Time-Varying Correlations between Selected Exchange Rates: A Robust DCC-GARCH Model Approach
DOI:
https://doi.org/10.17713/ajs.v54i5.2072Abstract
Effective diversification of global portfolios and risk management depends to a large extent on the degreeof correlation between the returns of financial assets. The Dynamic Conditional Correlation Generalized
Autoregressive Conditional Heteroscediency (DCC-GARCH) model addresses the time-varying correlation and
volatility among financial assets. The model has a two-step process whereby the volatility of each individual
asset is first estimated using the univariate GARCH and the time-varying correlation between those assets
is then captured using the DCC framework. Although the DCC-GARCH setup allows for the use of any univariate
GARCH model for the variance of each financial asset, when constructing a DCC-GARCH model, most researchers
typically use only one univariate GARCH model for all the returns of the financial asset. This study proposes
a robust DCC-GARCH model in analyzing the dynamics of time-varying correlations of financial data in which
the optimal univariate GARCH models (with the lowest information criteria) for each financial asset are
used to build up the DCC-GARCH model. An empirical application of this model in analyzing the time-varying
conditional correlation between four exchange rates shows an improvement in results (relative to the
information criterion values) compared to the case where only one univariate GARCH model is used to
construct the DCC-GARCH model. Standardized residuals in the quasi maximum likelihood estimation (QMLE)

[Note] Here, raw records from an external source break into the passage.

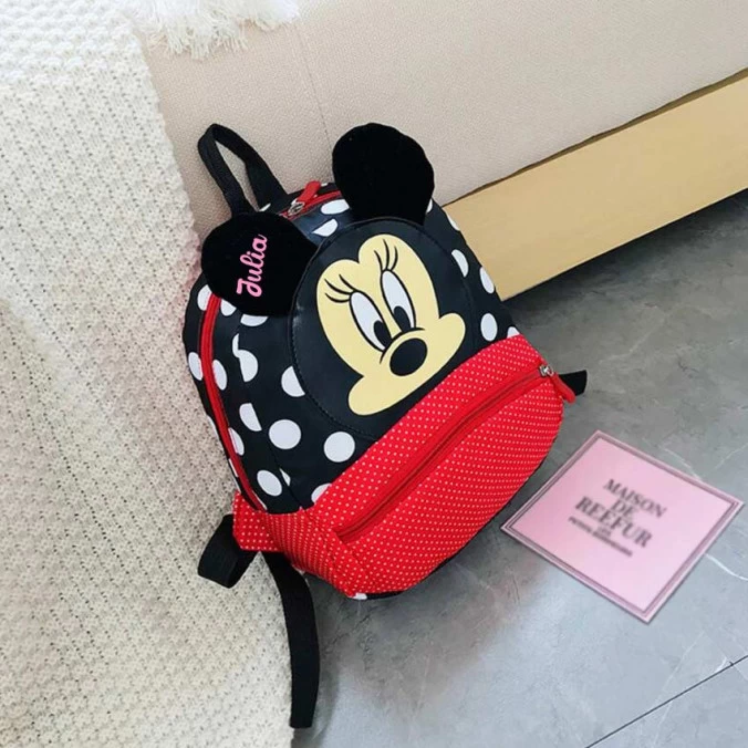 À l’effigie de Minnie la célèbre petite souris de Disney, ce sac à dos est personnalisé gratuitement au prénom de votre choix par broderie.
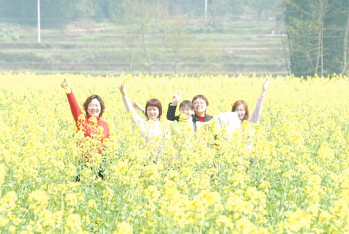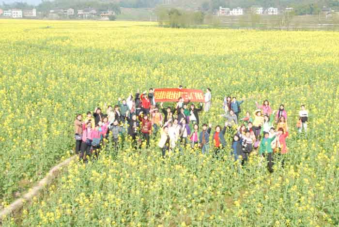 一大早,女同胞們就穿上了艷麗的春裝,迎著明媚的春光,前往墊江。在汽車行駛了一個半小時后,一大片金燦燦的油菜花便呈現(xiàn)在大家面前。望著一望無際的油菜花,自腳下,順著山谷,延伸至天邊。為如此壯觀的花景,使大家深感震驚。
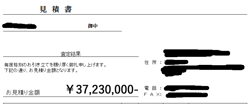 3723万円!!!買った時の金額より500万以上も高く査定結果が出ました。
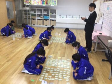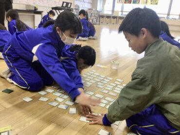 「万葉かるた大会」に出場する子供たちは、オープンスペースに集まって…
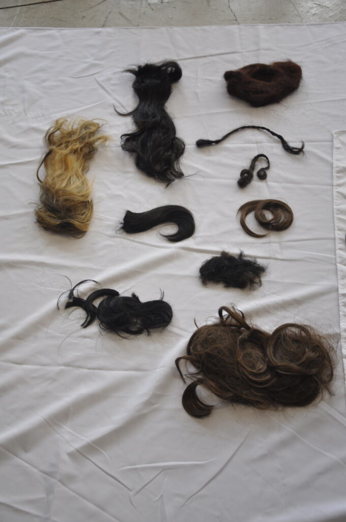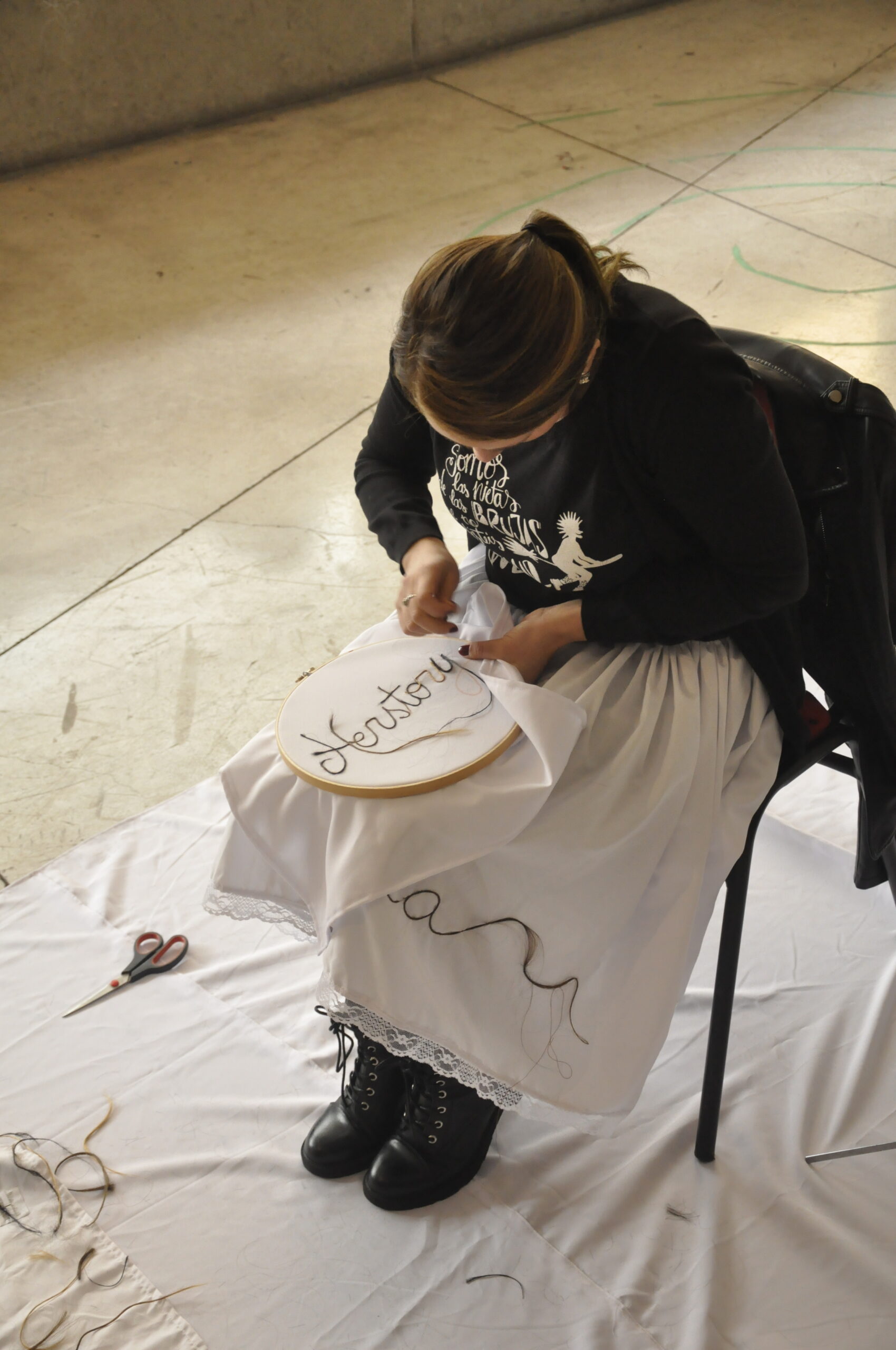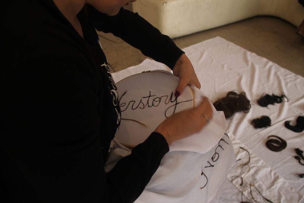 La obra consiste en hilar cabello de diferentes mujeres que hicieron llegar sus retazos por una convocatoria puesta en circulación a través del «boca a boca» a la que respondieron científicas, artistas, escritoras. La acción consistía en hilar un gran cordón con estos cabellos que alcanza un largo de dos metros aproximadamente, para luego bordar con ellos la palabra «Herstory»  en un bastidor de bordado. Como punto final de la performance, los nombres de estas mujeres son leídos a viva voz en un espacio de la Biblioteca .

procedure for DCC-GARCH parameters, are typically assumed to follow a multivariate Gaussian distribution.
One stylized fact of financial data returns is that the residuals are heavy-tailed. We consider the case
where the standardized residuals follow a multivariate Gaussian, and the case where they follow either
a multivariate Student's t-distribution or a multivariate Laplace distribution. Results show that a robust
DCC-GARCH model performs better when the standardized residuals follow a multivariate Student's
t-distribution.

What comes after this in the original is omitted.